I need to make sure I understand, please: ~5.35 in Access Relationship Seminar Lesson 15 - So, you had both OrgID and MemberID fields in Address table b/c you knew ahead of time you were going to need them on *separate* occasions, e.g., the OrgID to be the Child Link in the AddressSubF to the OrgID in the OrgF and then the MemberID to the be Child Link in the AddressSubF to the MemberID in the MemberF for when you did an example of putting subforms into the MemberF, is that right? B/c when you started adding those 2 ID fields to the Address table, I immediately thought you were making it a junction table in order to have a many to many relationship with the Org AND the Member at the same time, but you said at ~20:43 that you were setting up a one to many relationship between the AddressSubF and the OrgF and then the AddressSubF and the MemberF separately, right? Also, at first, I didn t see why you could not add an AddressID to the OrgXMemberJT (the junction table) and make the Address a many to many between the Org AND the Member b/c theoretically that could happen.

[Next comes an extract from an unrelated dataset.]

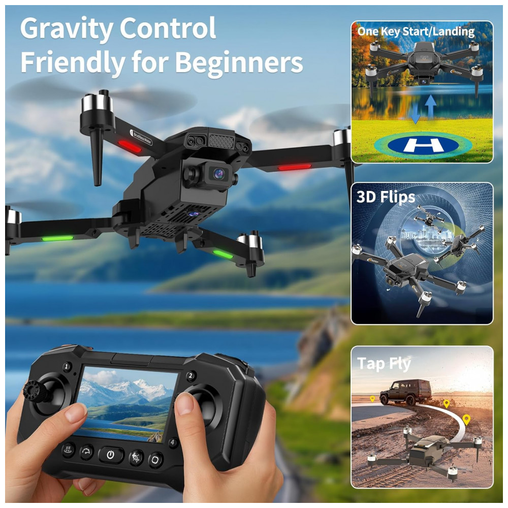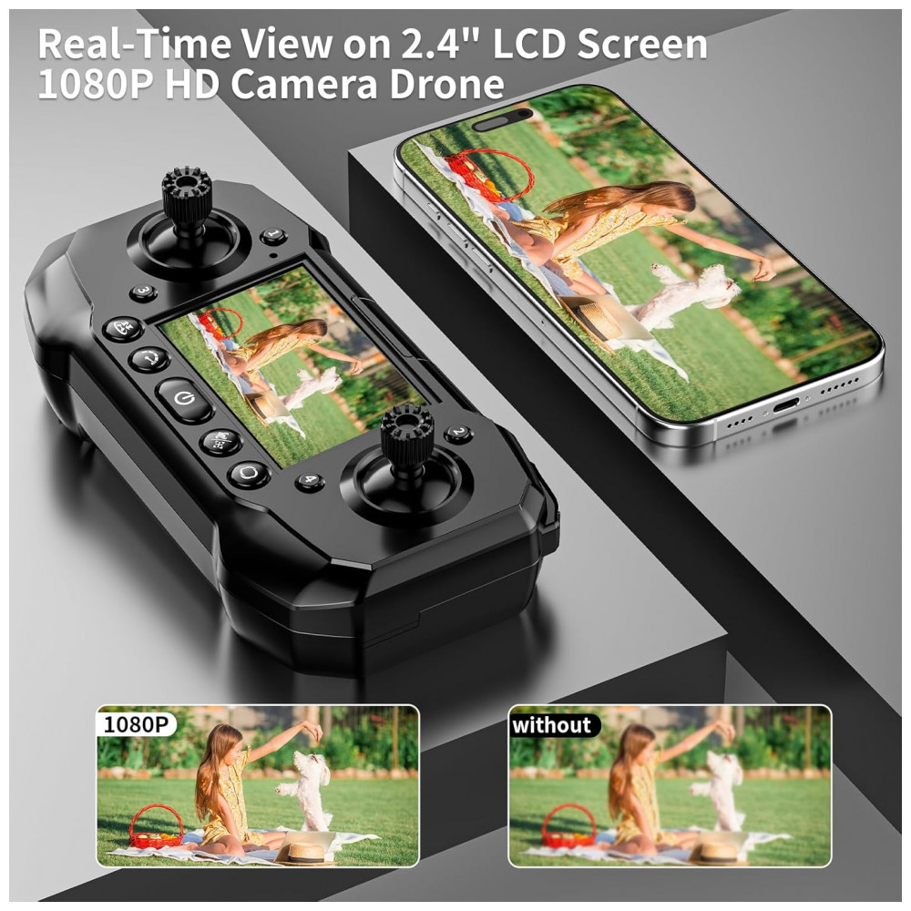 Explore o céu com o Drone com Tela LCD! Equipado com controle remoto e display LCD embutido de 2,4 polegadas, este drone de fotografia transmite em tempo real as imagens capturadas. A câmera de 1080P possui slot para cartão SD de 8GB, suportando até 32GB para armazenar suas fotos e vídeos. Este drone infantil apresenta diversas funções: posicionamento por fluxo óptico, voo estável, flips 3D, modo sem cabeça, decolagem/pouso com um toque, desvio de obstáculos, voo em trajetória e controle por gestos. Dobrável e leve, pesando menos de 0,7 kg, é ideal para iniciantes e crianças, fácil de operar e não requer registro FAA. Os 4 motores sem escova consomem menos energia, proporcionando estabilidade em voo e longa vida útil. Aproveite uma experiência de voo segura com 16 minutos de autonomia.

In other words, I wanted to filter the addresses to just show those shared by both the Org AND the member, but when I tested it and added an Address combo box to the OrgXMemberSubF, next to the MemberID combo box, the values of the address did not match the members, only the organization. 1) I m getting so confused now, so why did the Address combo box make a relationship with the Org and not the Members in the combo box next to it? All of the ID fields, OrgID, MemberID, and AddressID are in the junction table, OrgXMemberJT. (I based the Address combo on the Address table, pulled over the AddressID and Street fields and stored the value in the AddressID.) 2) To filter like I m suggesting, would there need to be criteria in a query that would be the basis for both combo box fields, MemberID and AddressID? If so, would you just say in the Member ID criteria =AddressID and in the AddressID field criteria under the Or row put = MemberID? I don t think you would want to do this but just for argument s sake. Thank you, again.
Reply from Alex Hedley:
Maybe writing down the values you want to see on paper would be a good way to visualise, then transfer it to the db once you have a grasp.
Sometimes it's hard to look at a table of just numbers, 1 option is to create a Query that joins the Tables to their respective IDs then pull in a Name Field to see what you have.
From that you can take the row you would expect to see and see what filters you would need to apply. Remember AND across OR down, it's likely you'd want AND across if you are wanting to filter for specific Orgs etc.